• **YOUR ASSIGNMENT**
Please return the listing below word for word, minus its pictures.

• **PROVIDED RECORDS**
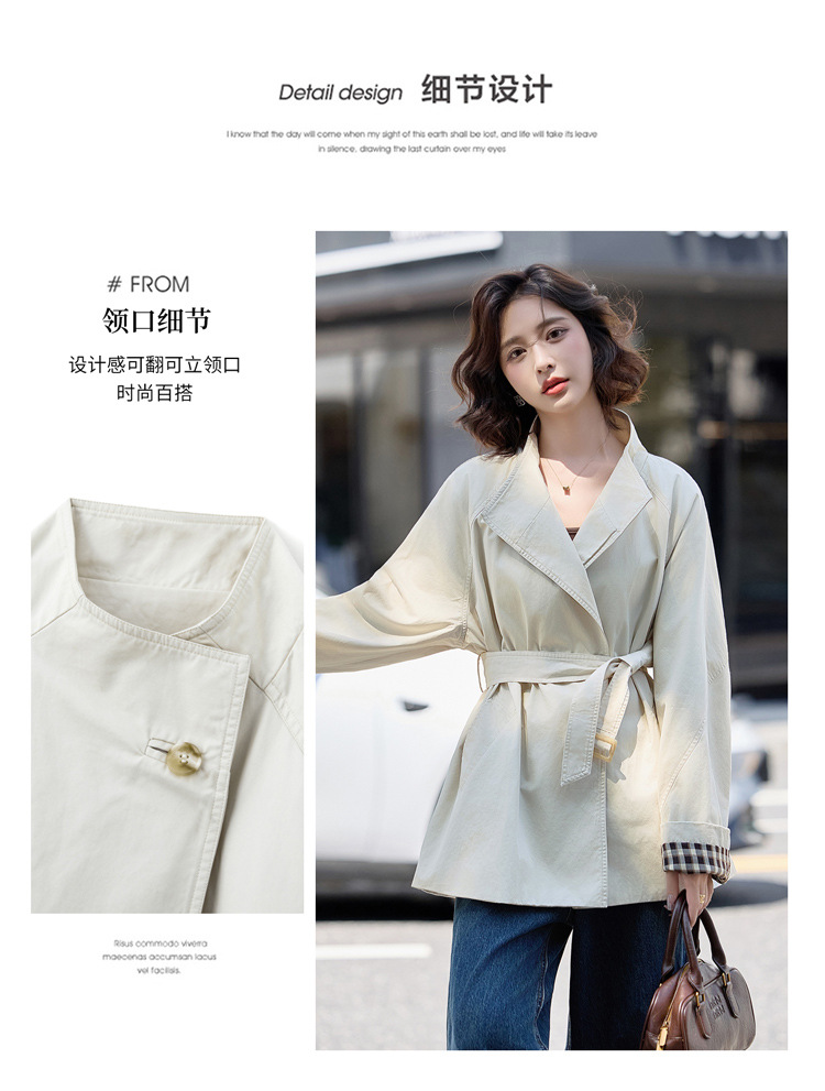 HR MEIQIN5698韩系休闲风衣外套宽松翻领格纹拼接上衣 商品图2
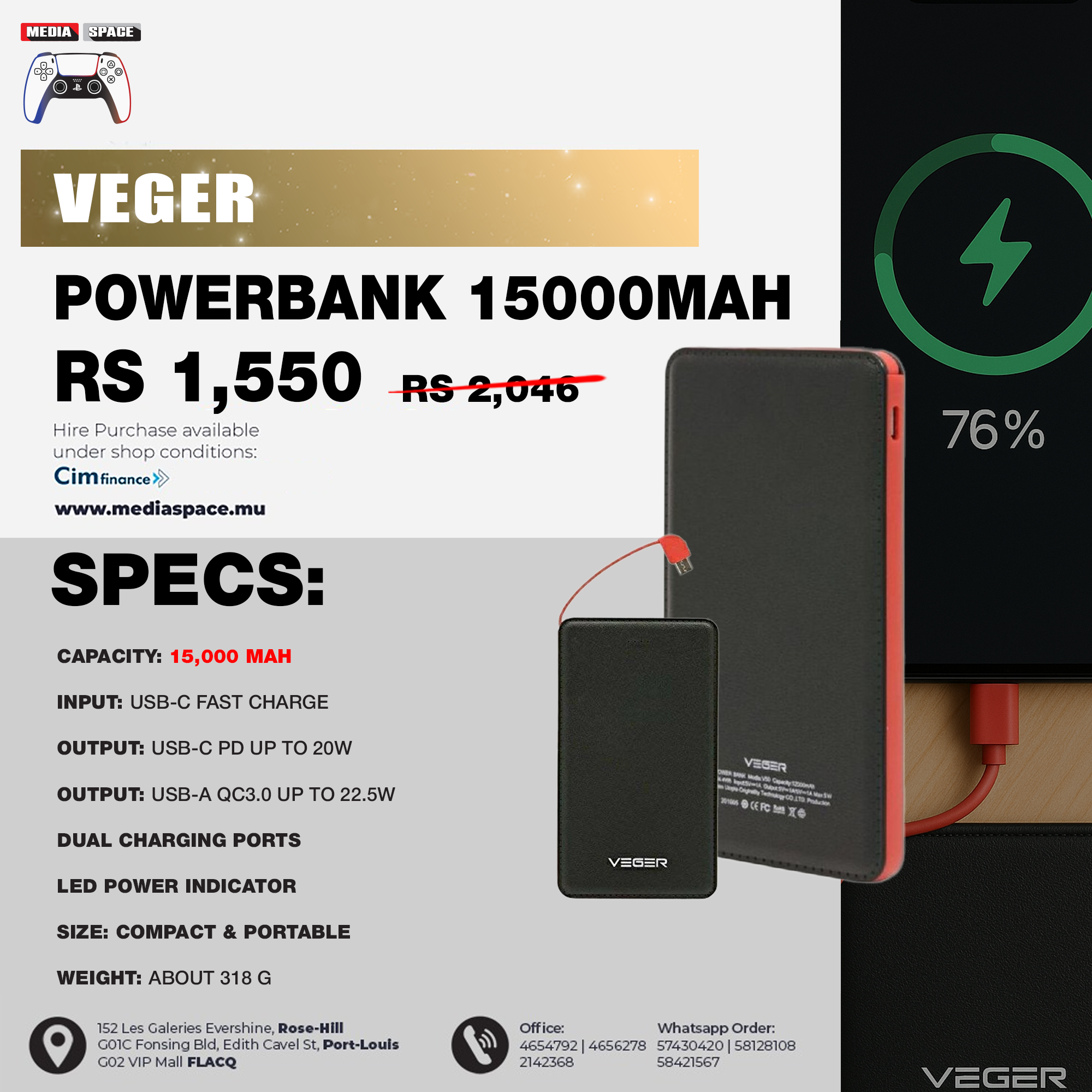 Empower your mobile lifestyle with the Veger V58 15,000 mAh Power Bank — a compact, reliable energy source designed to keep your devices charged wherever you go. Featuring a built-in charging cable and LED percentage display, it simplifies on-the-go charging without the need to carry extra cables. With multiple built-in protection systems (overcharge, overcurrent, short circuit), the V58 ensures safe charging for smartphones, tablets, and other USB-powered gadgets. Its sleek, pocket-friendly design makes it an ideal travel companion, delivering dependable power when you need it most.
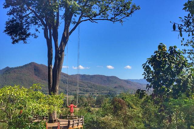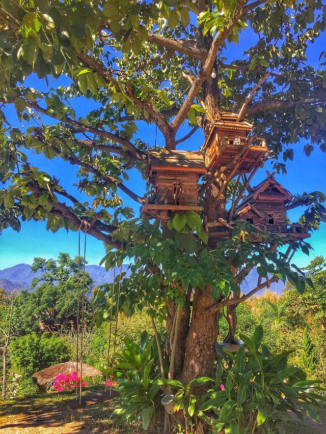 大树秋千和汽车旅馆是拜县的地标,在coffe in love的旁边,在mari pai酒店里面,要穿过咖啡厅往里面走就看到了,大树秋千悬挂于一颗参天大树之上,从远处取景让人有一种进入云端的错觉,这个“秋千”可以我去拜县的最大理由之一呢!
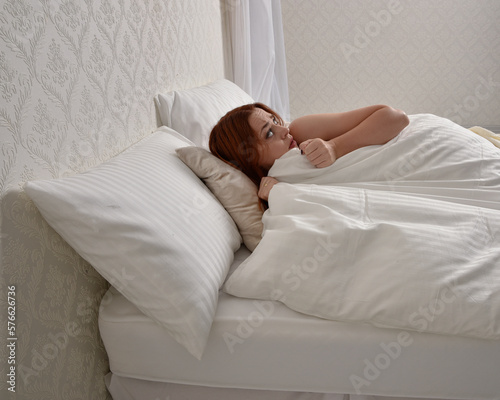 Portrait of beautiful red haired woman wearing comfortable pyjamas, casualy resting in bed, getting ready for sleep, in a glamorous white bedroom location background.
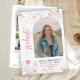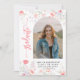 Modern elegant photo girl graduation announcement and party invitation with pastel watercolor wildflowers, chic pink script, and 4 custom pictures.
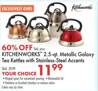 KITCHENWORKS 2.5-qt. Metallic Galaxy Tea Kettles with Stainless-Steel Accents offers and online specials, straight from the current Boscov's ad
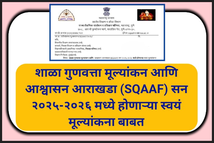 शाळा गुणवत्ता मूल्यांकन आणि आश्वासन आराखडा (SQAAF) सन २०२५-२०२६ मध्ये होणाऱ्या स्वयं मूल्यांकना बाबत sqaaf mulyankan paripatrak
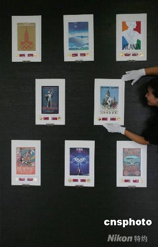 由國際奧組委授權、國際奧林匹克博物館館藏珍品《百年奧運——理解奧運會金牌海報典藏》大全套首批7月30日抵京,從即日起開始發售。該典藏首次集齊歷屆奧運會金牌,首次以絲綢印刷歷屆海報。圖為工作人員接收首批產品,并懸掛布置展出現場。 中新社發 李英 攝
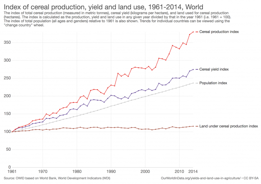 In der folgenden Grafik aus www.ourworldindata.org ist der Zusammenhang zwischen Bevölkerungswachstum, Getreideertrag und dazu benötigtem Landverbrauch zwischen 1961 und 2014 global visualisiert:
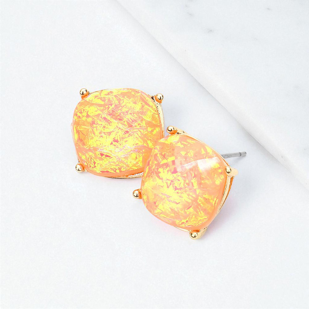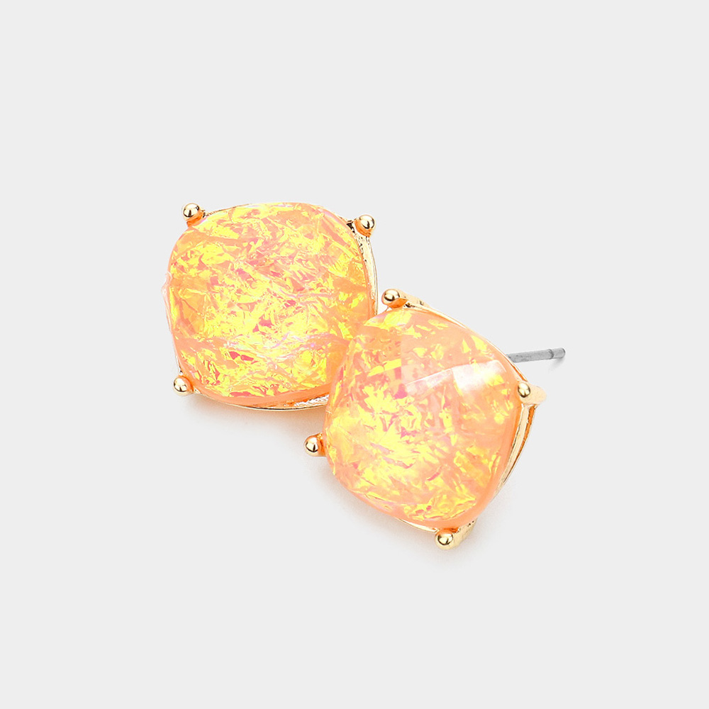Floral Stone Pearl Leaf Accent Frame Dangle Earrings
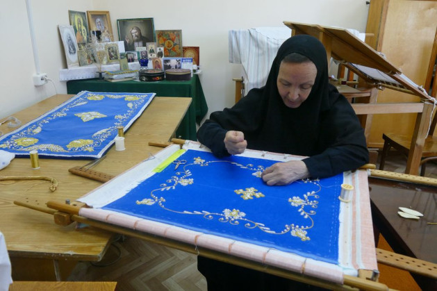 Есть в швейной небольшое вышивальное дело, где занимаются вышиванием икон, покровцов на святые мощи. Это кропотливая и тонкая работа, на один образ уходит несколько месяцев. Для примера, обычную нить для вышивания расщепляют надвое, чтобы вышивка была без пробелов. Так как покровцы требуют особого ухода, то следит за ними сестра, которая их и вышивает. Мало вышить рисунок, надо его еще умело проклеить и сохранить после стирок и чисток в первоначальном виде.
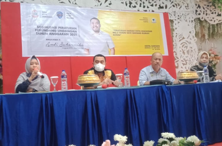 MAKASSAR, DATAKITA.CO – Anggota DPRD Kota Makassar, Andi Suharmika menggelar sosialisasi perda nomor 2 Tahun 2019 tentang Rumah Susun. Kegiatan ini dilaksanakan di Hotel Sarison, Jalan Perintis Kemerdekaan, Minggu (27/6/2021).
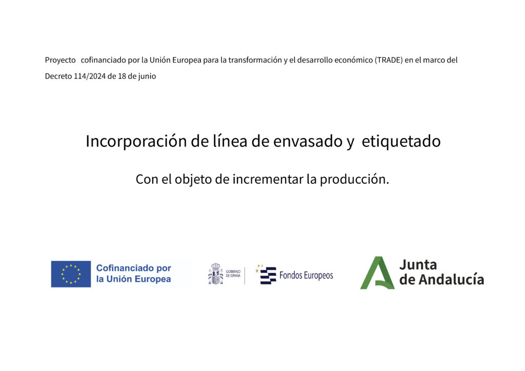 MCA ALGAS Y DERIVADOS SL ha recibido una ayuda de la Unión Europea con cargo al Programa de Andalucía FEDER 2021-2027 para la instalación de una línea de envasado y etiquetado en sus instalaciones.
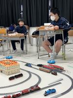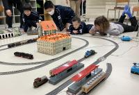 「遊びの時間」に東京のボランティアの方やボラキャンすずの方が鉄道模型を作ってくれて、一緒に遊びました。
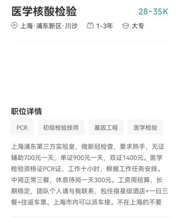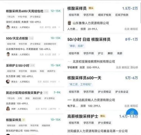 還有部分機(jī)構(gòu)招聘時,也提供短期兼職崗位。公開信息顯示,核酸采樣員如果以日薪結(jié)算,每天400、500和600元三個"尺碼"。
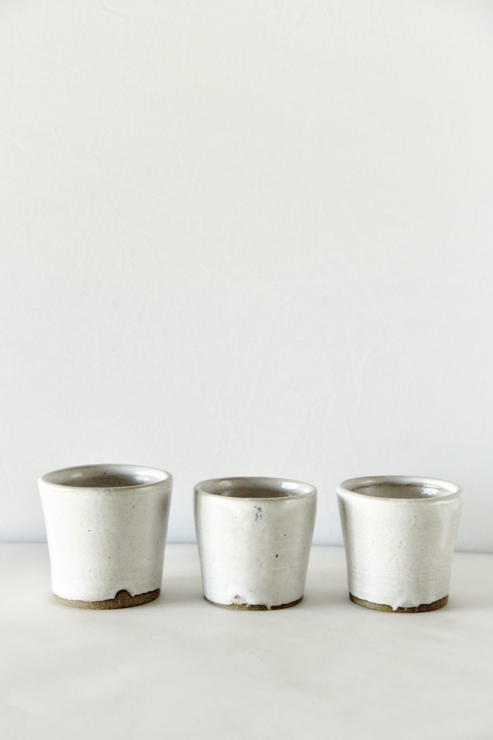 Set of 3 Small White Ceramic Cups –
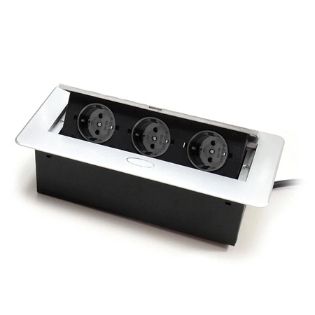 • Elegantný mediaport na pracovnej doske s otváraním pomocou tlačidla. Má 3 elektrické zásuvky (typ Schuko). Dĺžka kábla 1,5 m. V striebornej farbe
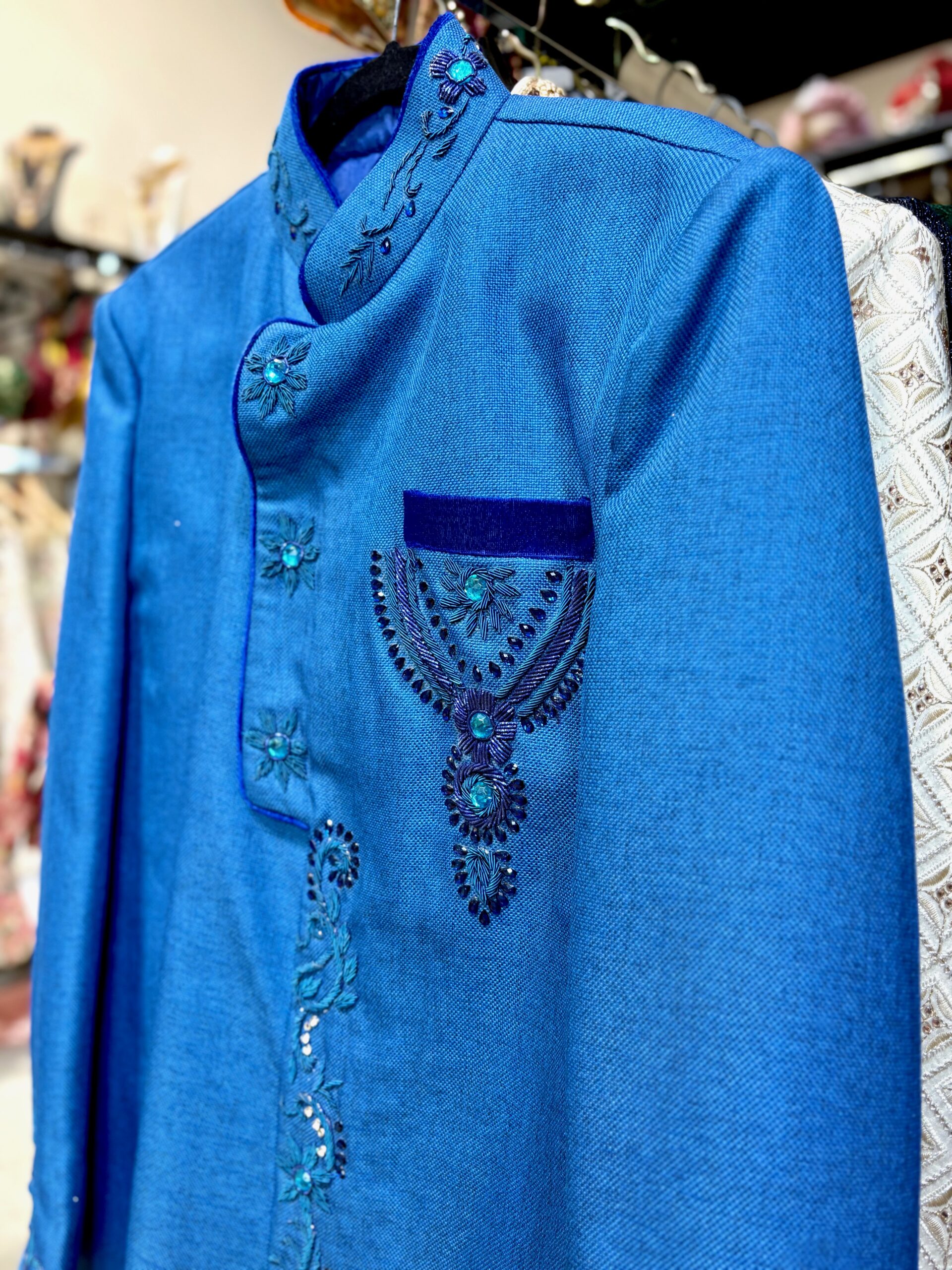 This is a striking royal blue sherwani-style jacket with elegant embroidery and embellishments. The jacket features a mandarin (bandhgala) collar intricately embroidered with floral and vine motifs in shades of navy blue and turquoise, highlighted with sequins and beadwork. The same rich embroidery runs vertically along the front placket and cuffs, adding a refined touch of sparkle and texture.
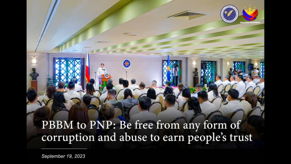 President Ferdinand R. Marcos Jr. urged the members of the Philippine National Police (PNP) on Tuesday to shun corruption and abuse so they could earn the people’s trust, as he emphasized the administration’s zero-tolerance policy for corruption and human rights abuses within the police force.
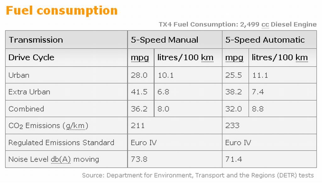 Novo transportno sredstvo je zelo priljubljeno med prebivalci kosovske prestolnice, ker po njihovem mnenju prinaša v mesto delček svetovljanstva, poleg tega pa so navdušeni tudi nad razkošno odmerjenim prostorom in udobjem, ki ga ponuja ta načrtno razviti britanski taksi. Pod motornim pokrovom modela TX4 se skriva 2,5-litrski turbodizelski izdelek italijanske znamke VM Motori z oznako R 425 DOHC, ki je lahko spojen s 5-stopenjskim ročnim (Eaton 5-speed (FSO 2405 A)) ali pa s 5-stopenjskim samodejnim menjalnikom. Motorja sicer res ne razganja od moči, ker ustvari samo 102 KM pri 4000 vrt./min ter 240 Nm navora pri 1800 vrt./min, namesto tega se bo uporabniku raje oddolžil z dolgoživostjo, ker je pogonski sklop izveden in testiran tako, da zdrži do 600.000 (približno 965.000 km) prevoženih kopenskih milj.
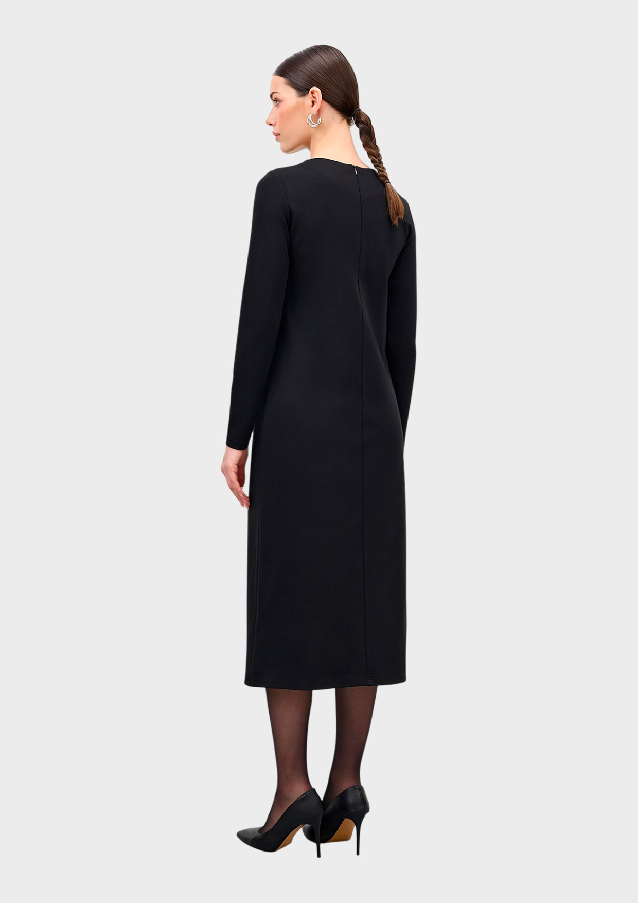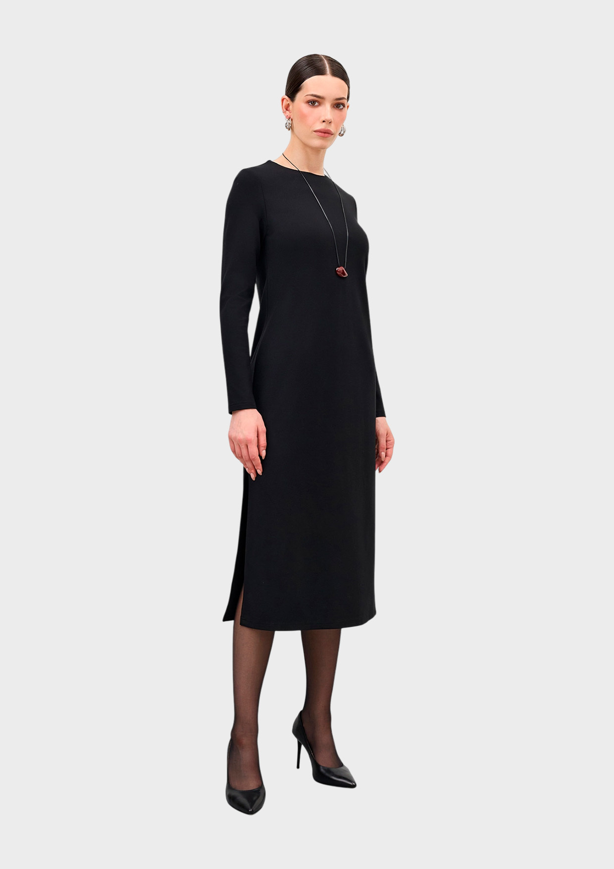 Элегантное платье-миди с боковыми разрезом в шве. Прилегающий силуэт. Круглый вырез. Застежка на потайную молнию. В составе вискоза.

• **REPLY**
 HR MEIQIN5698韩系休闲风衣外套宽松翻领格纹拼接上衣 商品图2
 Empower your mobile lifestyle with the Veger V58 15,000 mAh Power Bank — a compact, reliable energy source designed to keep your devices charged wherever you go. Featuring a built-in charging cable and LED percentage display, it simplifies on-the-go charging without the need to carry extra cables. With multiple built-in protection systems (overcharge, overcurrent, short circuit), the V58 ensures safe charging for smartphones, tablets, and other USB-powered gadgets. Its sleek, pocket-friendly design makes it an ideal travel companion, delivering dependable power when you need it most.
 大树秋千和汽车旅馆是拜县的地标,在coffe in love的旁边,在mari pai酒店里面,要穿过咖啡厅往里面走就看到了,大树秋千悬挂于一颗参天大树之上,从远处取景让人有一种进入云端的错觉,这个“秋千”可以我去拜县的最大理由之一呢!
 Portrait of beautiful red haired woman wearing comfortable pyjamas, casualy resting in bed, getting ready for sleep, in a glamorous white bedroom location background.
 Modern elegant photo girl graduation announcement and party invitation with pastel watercolor wildflowers, chic pink script, and 4 custom pictures.
 KITCHENWORKS 2.5-qt. Metallic Galaxy Tea Kettles with Stainless-Steel Accents offers and online specials, straight from the current Boscov's ad
 शाळा गुणवत्ता मूल्यांकन आणि आश्वासन आराखडा (SQAAF) सन २०२५-२०२६ मध्ये होणाऱ्या स्वयं मूल्यांकना बाबत sqaaf mulyankan paripatrak
 由國際奧組委授權、國際奧林匹克博物館館藏珍品《百年奧運——理解奧運會金牌海報典藏》大全套首批7月30日抵京,從即日起開始發售。該典藏首次集齊歷屆奧運會金牌,首次以絲綢印刷歷屆海報。圖為工作人員接收首批產品,并懸掛布置展出現場。 中新社發 李英 攝
 In der folgenden Grafik aus www.ourworldindata.org ist der Zusammenhang zwischen Bevölkerungswachstum, Getreideertrag und dazu benötigtem Landverbrauch zwischen 1961 und 2014 global visualisiert:
Floral Stone Pearl Leaf Accent Frame Dangle Earrings
 Есть в швейной небольшое вышивальное дело, где занимаются вышиванием икон, покровцов на святые мощи. Это кропотливая и тонкая работа, на один образ уходит несколько месяцев. Для примера, обычную нить для вышивания расщепляют надвое, чтобы вышивка была без пробелов. Так как покровцы требуют особого ухода, то следит за ними сестра, которая их и вышивает. Мало вышить рисунок, надо его еще умело проклеить и сохранить после стирок и чисток в первоначальном виде.
 MAKASSAR, DATAKITA.CO – Anggota DPRD Kota Makassar, Andi Suharmika menggelar sosialisasi perda nomor 2 Tahun 2019 tentang Rumah Susun. Kegiatan ini dilaksanakan di Hotel Sarison, Jalan Perintis Kemerdekaan, Minggu (27/6/2021).
 MCA ALGAS Y DERIVADOS SL ha recibido una ayuda de la Unión Europea con cargo al Programa de Andalucía FEDER 2021-2027 para la instalación de una línea de envasado y etiquetado en sus instalaciones.
 「遊びの時間」に東京のボランティアの方やボラキャンすずの方が鉄道模型を作ってくれて、一緒に遊びました。
 還有部分機(jī)構(gòu)招聘時,也提供短期兼職崗位。公開信息顯示,核酸采樣員如果以日薪結(jié)算,每天400、500和600元三個"尺碼"。
 Set of 3 Small White Ceramic Cups –
 • Elegantný mediaport na pracovnej doske s otváraním pomocou tlačidla. Má 3 elektrické zásuvky (typ Schuko). Dĺžka kábla 1,5 m. V striebornej farbe
 This is a striking royal blue sherwani-style jacket with elegant embroidery and embellishments. The jacket features a mandarin (bandhgala) collar intricately embroidered with floral and vine motifs in shades of navy blue and turquoise, highlighted with sequins and beadwork. The same rich embroidery runs vertically along the front placket and cuffs, adding a refined touch of sparkle and texture.
 President Ferdinand R. Marcos Jr. urged the members of the Philippine National Police (PNP) on Tuesday to shun corruption and abuse so they could earn the people’s trust, as he emphasized the administration’s zero-tolerance policy for corruption and human rights abuses within the police force.
 Novo transportno sredstvo je zelo priljubljeno med prebivalci kosovske prestolnice, ker po njihovem mnenju prinaša v mesto delček svetovljanstva, poleg tega pa so navdušeni tudi nad razkošno odmerjenim prostorom in udobjem, ki ga ponuja ta načrtno razviti britanski taksi. Pod motornim pokrovom modela TX4 se skriva 2,5-litrski turbodizelski izdelek italijanske znamke VM Motori z oznako R 425 DOHC, ki je lahko spojen s 5-stopenjskim ročnim (Eaton 5-speed (FSO 2405 A)) ali pa s 5-stopenjskim samodejnim menjalnikom. Motorja sicer res ne razganja od moči, ker ustvari samo 102 KM pri 4000 vrt./min ter 240 Nm navora pri 1800 vrt./min, namesto tega se bo uporabniku raje oddolžil z dolgoživostjo, ker je pogonski sklop izveden in testiran tako, da zdrži do 600.000 (približno 965.000 km) prevoženih kopenskih milj.
 Элегантное платье-миди с боковыми разрезом в шве. Прилегающий силуэт. Круглый вырез. Застежка на потайную молнию. В составе вискоза.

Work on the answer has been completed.